The exact implementation of memory layout for the string
class is not defined by the C++ Standard. This architecture is intended to be
flexible enough to allow differing implementations by compiler vendors, yet
guarantee predictable behavior for users. In particular, the exact conditions
under which storage is allocated to hold data for a string object are not
defined. String allocation rules were formulated to allow but not require a
reference-counted implementation, but whether or not the implementation uses reference counting, the semantics must be the same.

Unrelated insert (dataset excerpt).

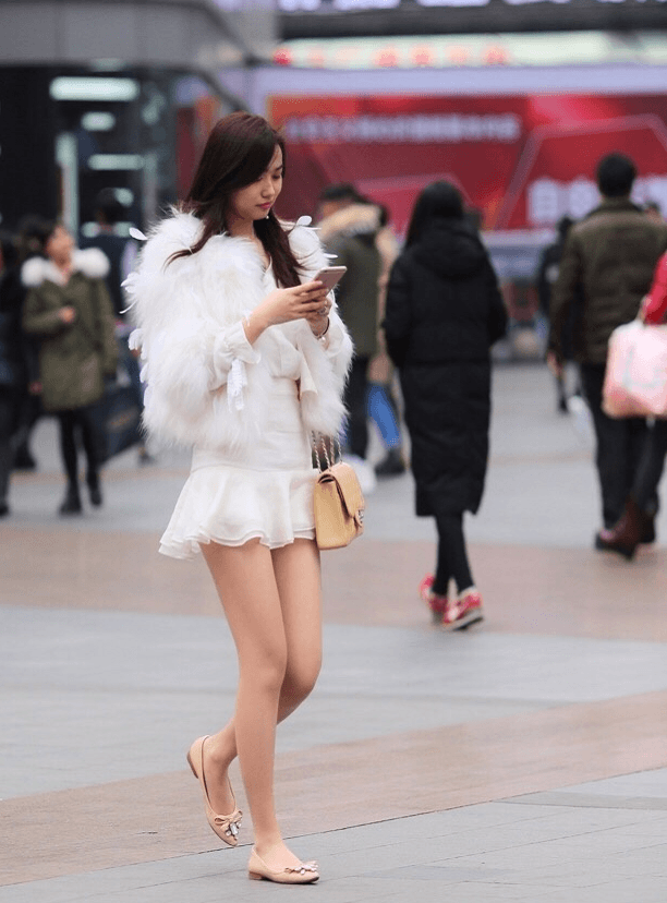 小姐姐的下半身穿了一件白色的裙子,这件白色的裙子是一层一层的,给人的感觉是层次感特别的强,并且这样的衣服让人看起来也是非常的有设计感,但是看小姐姐的腿上光溜溜的小姐姐腿上应该是连丝袜都没有穿吧,小姐姐为了露出自己的大长腿也是非常的拼命呀,看上半身穿着这样的皮草外套,腿上穿着一条薄薄的短裙,这样穿不会觉得有点冷吗?
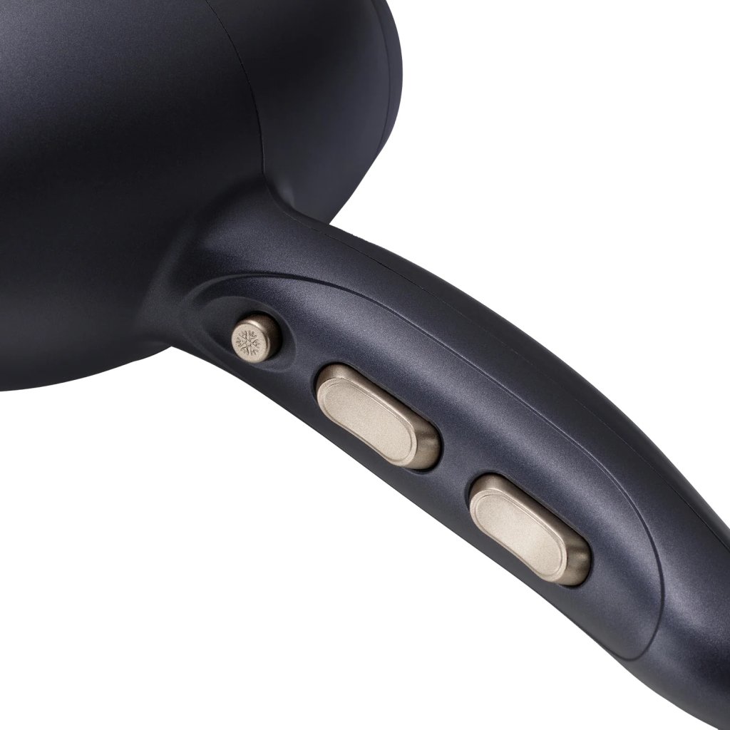 Fén profesionální kvality Bio Ionic GoldPro™ Collection. Výkonný motor s výkonem 2000 W je energeticky úspornější a má delší životnost než standardní motory, což umožňuje rychle vysušit všechny typy vlasů a poskytuje vynikající ochranu proti krepatění.

To put this a bit differently,
in C, every char array occupies a unique physical region of memory. In
C++, individual string objects may or may not occupy unique physical
regions of memory, but if reference counting avoids storing duplicate copies of
data, the individual objects must look and act as though they exclusively own unique
regions of storage. For example:
//: C03:StringStorage.h
#ifndef STRINGSTORAGE_H
#define STRINGSTORAGE_H
#include <iostream>
#include <string>
#include "../TestSuite/Test.h"
using std::cout;
using std::endl;
using std::string;
class StringStorageTest : public TestSuite::Test {
public:
void run() {
string s1("12345");
// This may copy the first to the second or
// use reference counting to simulate a copy:
string s2 = s1;
test_(s1 == s2);
// Either way, this statement must ONLY modify s1:
s1[0] = '6';
cout << "s1 = " << s1
<< endl; // 62345
cout << "s2 = " << s2
<< endl; // 12345
test_(s1 != s2);
}
};
#endif //
STRINGSTORAGE_H ///:~
//: C03:StringStorage.cpp
//{L} ../TestSuite/Test
#include "StringStorage.h"
int main() {
StringStorageTest t;
t.run();
return t.report();
} ///:~
We say that an implementation that only makes unique copies
when a string is modified uses a copy-on-write strategy. This approach
saves time and space when strings are used only as value parameters or in other
read-only situations.
Whether a library implementation uses reference counting or
not should be transparent to users of the string class. Unfortunately,
this is not always the case. In multithreaded programs, it is practically
impossible to use a reference-counting implementation safely.